Industrial Fire Safety

National Fire Protection Association Standard No. 10, “Installation of Portable Fire Extinguishers,” was amended at the NFPA annual meeting last May. The changes should be noted in your copies of the standard until new individual pamphlets or National Fire Code Volume 8 are available so that your inspections, reports and advice to others will be correct.

In many case, we will comment on particular numbered sections, reflecting our personal feelings from the long-neglected user viewpoint.

Paragraph 1011 was amended to insert after No. 12A—Halon 1301 systems, “No. 12B—Halon 1211 systems.”

Paragraph 1040 now reads: “The requirements given herein are minimum. Portable extinguishers are intended as a first line of defense to cope with fires of limited size. They are needed even though the property is equipped with automatic sprinklers, standpipe and hose, or other fixed protection equipment.”

Paragraph 1050 now reads: “The method of operation of an extinguisher shall be indicated prominently on the extinguisher and shall face outward.” This is an excellent change as previously the information had only to be prominently displayed.

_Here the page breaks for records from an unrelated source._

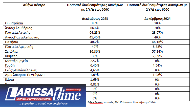 Συγκεκριμένα, στην περιοχή Θυμαράκια, το 2023, το ποσοστό διαθεσιμότητας κατοικιών με ζητούμενο μίσθωμα έως 600€ ήταν 85%, σήμερα δεν ξεπερνά το 20%. Η ίδια εικόνα καταγράφεται και στις περιοχές όπως, ο Άγιος Ελευθέριος, Πλατεία Αττικής, Πλατεία Αμερικής και στη Κυψέλη. Οι περιοχές του κέντρου που καταγράφουν τη μεγαλύτερη διαθεσιμότητα οικονομικών κατοικιών είναι τα Πατήσια, ο Άγιος Παντελεήμονας και τα Σεπόλια.
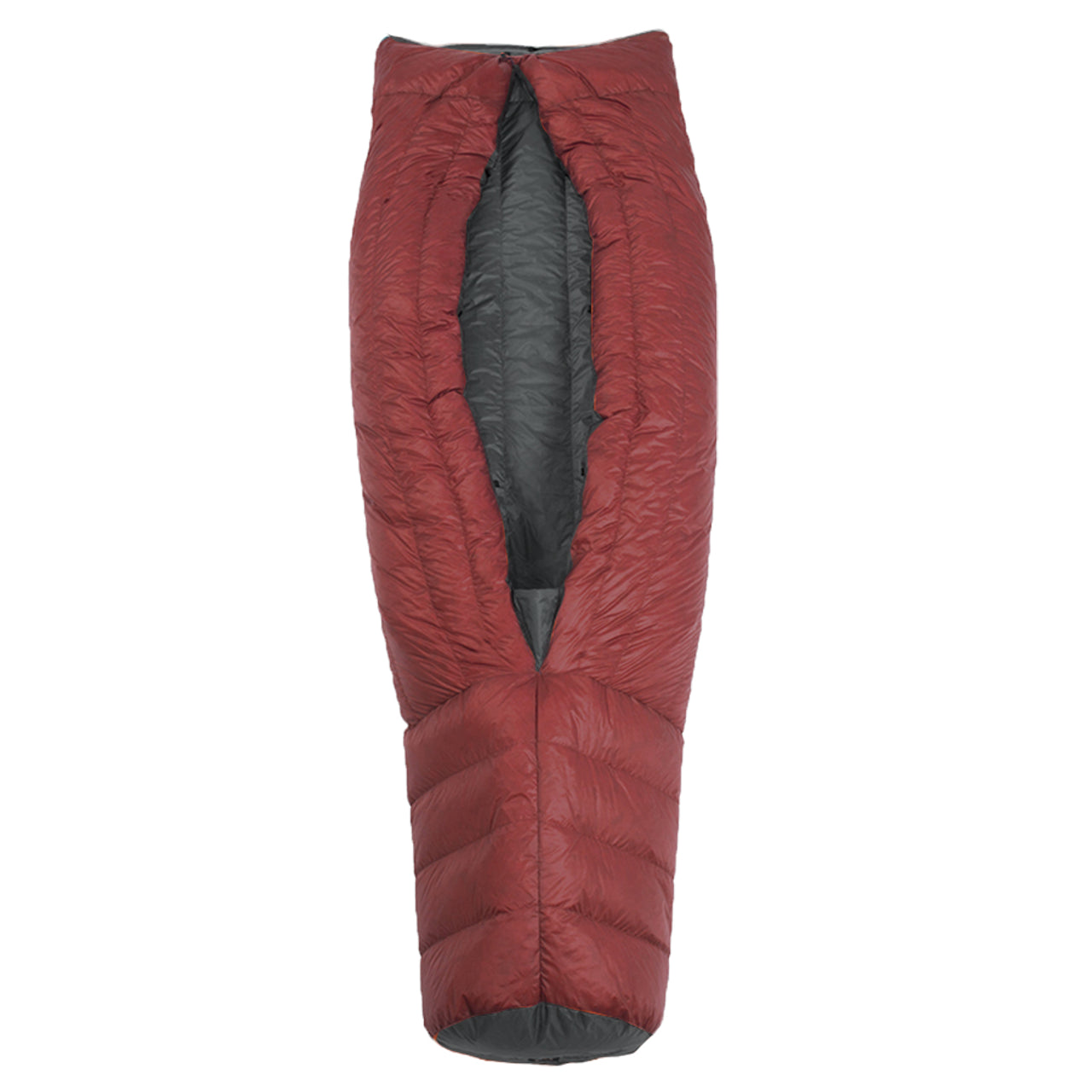 Made with 20 denier ripstop nylon fabric that features a DWR (durable water resistant) coating to help shed moisture, and an internal calendared finish for down proof construction. Each Burrow Quilt is generously filled with ethically sourced 850 fill power down to provide insulation on the top and sides of your body, while eliminating flattened and otherwise ineffective insulation underneath. By forgoing the least insulating elements found in most sleeping bags such as a full length zipper, hood, and backside materials our top quilt design will keep you warm and save precious weight and space. Whether accompanied by a ground pad or underquilt, The Burrow will keep you comfortably warm down to its temperature rating with any sleep system. When using The Burrow in conjunction with any ground sleep system, upgrading to a wide width is highly recommended for adequate coverage along the sides of your body. Proudly made in the USA.
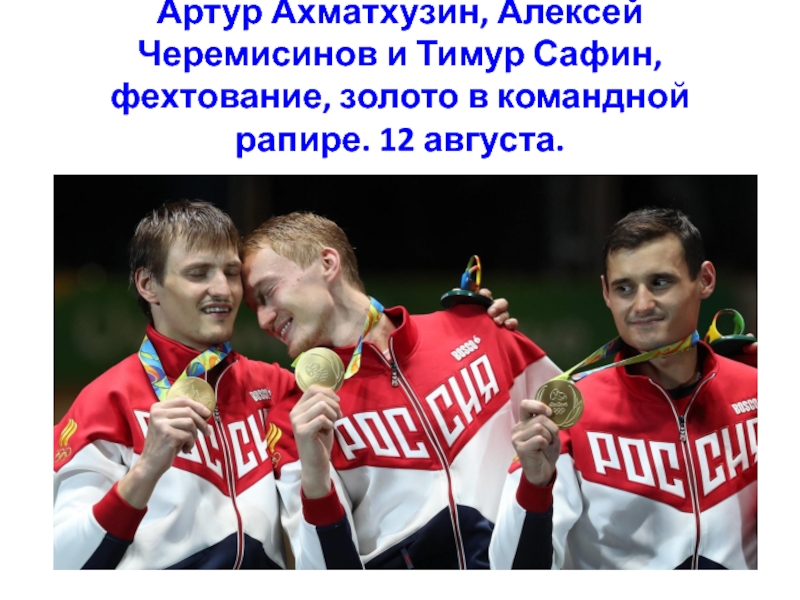 Слайд 32Артур Ахматхузин, Алексей Черемисинов и Тимур Сафин, фехтование, золото в командной
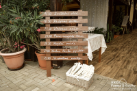 Když si své ano řekli Adam a Eva, bylo jasné, že ve výzdobě nesmí chybět jablka jako z biblického příběhu. Stoly byly dekorovány krajkou v kombinaci s břečťanem a zlatými vázičkami plnými květů. Jmenovky s elegantní pečetí se pak staly onou pomyslnou třešničkou na dortu. Pro děti byl připraven dětský koutek a pro všechny milovníky ostřejších drinků pak rumový koutek a otevřený aperol a gin bar.
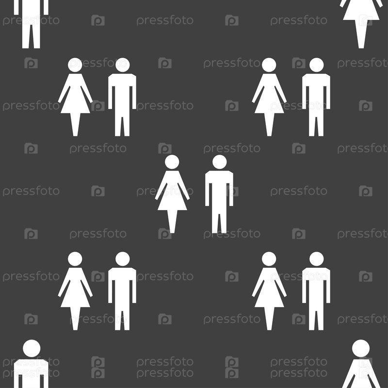 Мужской и женский туалет. Бесшовный узор на сером фоне. Вектор
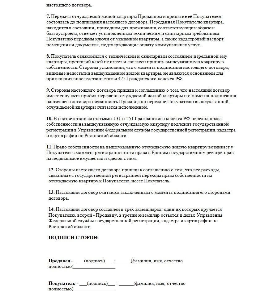 - Пункт о необходимости регистрации договора купли-продажи в территориальном отделении Росреестра.

Condensed instructions: Paragraph 1051 now states: “An instruction manual shall be provided with each extinguisher giving condensed instructions and cautions necessary to the installation, operation, inspection and maintenance. The manual may be specific to the extinguisher involved or it may cover many types. The manual shall refer to ‘Installation of Portable Fire Extinguishers,’ NFPA No. 10 and to ‘Maintenance and Use of Portable Fire Extinguishers,’ NFPA No. 10A, as sources of detailed instructions.” This calls for a very important enclosure in every extinguisher box.

Revised Paragraph 1220 says: “Extinguishers shall be conspicuously located where they will be readily accessible and immediately available in the event of fire. They shall be located along normal paths of travel, including exits from an area.”

Paragraph 1222 was deleted because it was in conflict with A-1222, which has been renumbered A-1220.

To Paragraph 1231, which limits the heights of extinguishers above the floor, this sentence was added: “In no case shall the clearance between the bottom of the extinguisher and the floor be less than 4 inches.”

Why must heights be involved? Why are not accessibility and marking the only necessary criteria? The industrial user, by being forced to comply with height limitations, is suffering tremendous replacement costs because of physical damage to units previously hung out of harm’s way.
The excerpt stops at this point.